# Zombies



## cindyt7 (Aug 7, 2007)

Well, I'm finally getting some stuff finished around here. Here are some of my zombies:









































http://i228.photobucket.com/albums/ee229/cindyt7/PICT3723-1.jpg

My cute little helper working on my cemetery fence.
http://i228.photobucket.com/albums/ee229/cindyt7/PICT3720-1.jpg


----------



## AzKittie74 (Aug 10, 2007)

Those are great Cindy! is that great stuff coming from the mouth and neck?
love the mohawks ;O)


----------



## Sickie Ickie (Jun 20, 2006)

I bet the kids love those!


----------



## Devils Chariot (May 23, 2007)

Those are awesome and hilarious!


----------



## Lilly (Jun 13, 2006)

nice zombies ..


----------



## Ghostess (Aug 21, 2005)

I LOVE these!!! They're just great!


----------



## Lagrousome (Apr 12, 2007)

Nice job!
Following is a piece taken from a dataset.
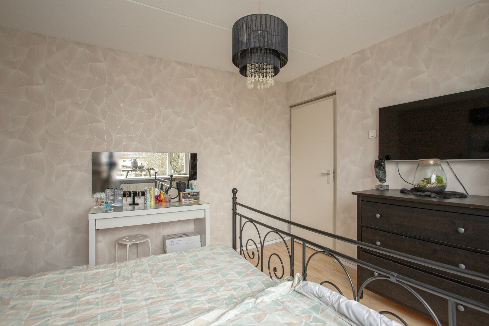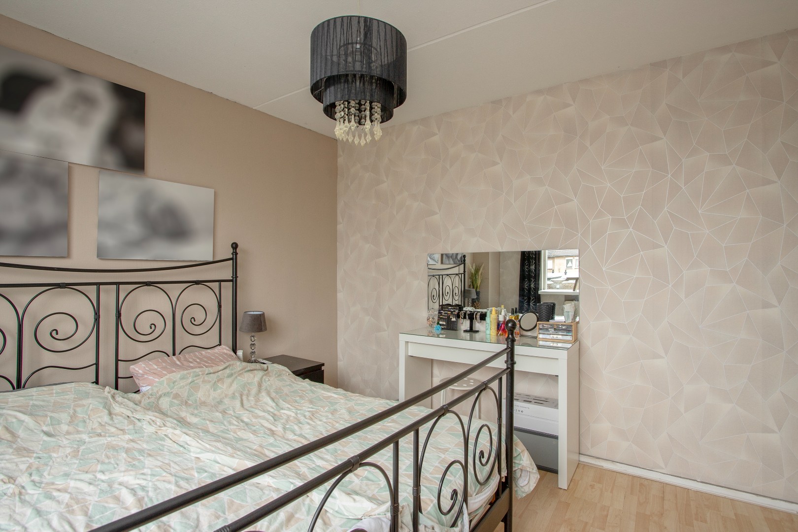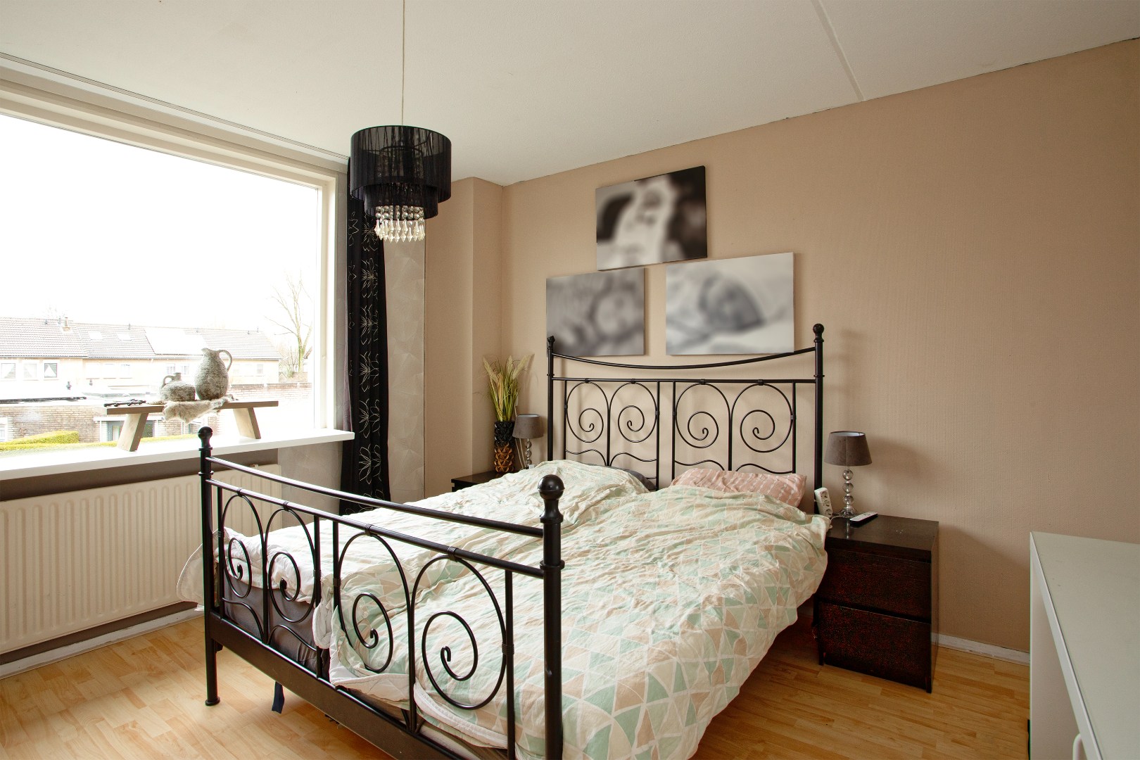 De slaapkamer aan de achterzijde is ook ruim opgezet en is voorzien van kunststof kozijnen met een draaikiep raam met isolerend glas en een laminaat vloer, ventilatierooster en grotendeels behangen wanden.
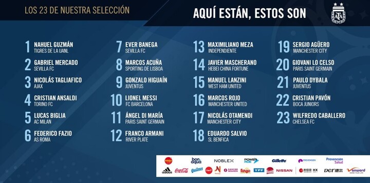 1 Nahuel Guzman, 2 Gabriel Mercado, 3 Nicolas Tagliafico, 4 Cristian Ansaldi, 5 Lucas Biglia, 6 Federico Fazio, 7 Ever Banega, 8 Marcos Acuna, 9 Gonzalo Higuain, 10 Lionel Messi, 11 Angel Di Maria, 12 Franco Armani, 13 Maximiliano Meza, 14 Javier Mascherano, 15 Manuel Lanzini, 16 Marcos Rojo, 17 Nicolas Otamendi, 18 Eduardo Salvio, 19 Sergio Aguero, 20 Giovani Lo Celso, 21 Paulo Dybala, 22 Cristian Pavon, 23 Wilfredo Caballero

The little helper is a cutie!


----------



## cindyt7 (Aug 7, 2007)

AzKittie74 said:


> Those are great Cindy! is that great stuff coming from the mouth and neck?
> love the mohawks ;O)


Yes, the one with the most great stuff running down his neck, no mohawk, is holding his heart that is still beating while it's coming out of his chest. I'll get a movie of it soon and post it. The heart was also made out of great stuff.

Wish it wasn't over 80 degrees out here still! My allergies have put me very behind!


----------



## slimy (Jul 12, 2006)

I love this.


----------



## beelce (Jul 21, 2007)

FUN fun funny Cindy...I do like them!


----------



## edwood saucer (Aug 21, 2006)

great zombies - my sense of humor... excellent!


----------



## cqedens137 (Sep 27, 2007)

those guys look great. nice job!


----------



## Revenant (Mar 17, 2007)

I love it... it's funny and gross at the same time... fun fun!

And good to see that your wee assistant is following proper safety procedures when working with power tools. Start them off right with good habits.


----------



## Gloomy_Gus (Jul 11, 2006)

Revenant said:


> I love it... it's funny and gross at the same time... fun fun!
> 
> And good to see that your wee assistant is following proper safety procedures when working with power tools. Start them off right with good habits.


My thoughts exactly. Is there a soundtrack that goes with them like Z's poker playing skellies?


----------



## Merlin (The Quiet One) (Feb 23, 2006)

Those look great.


----------



## Bodybagging (May 8, 2006)

Got to love the expression adding a set of bulging eyes give these guys... GREAT JOB!


----------



## Frighteners Entertainment (Jan 24, 2006)

Wonderful pieces, love'em!!


----------



## Hellspawn (Oct 13, 2006)

I think they are awesome, I cant say enough how good they look... awesome awesome awesome work.


----------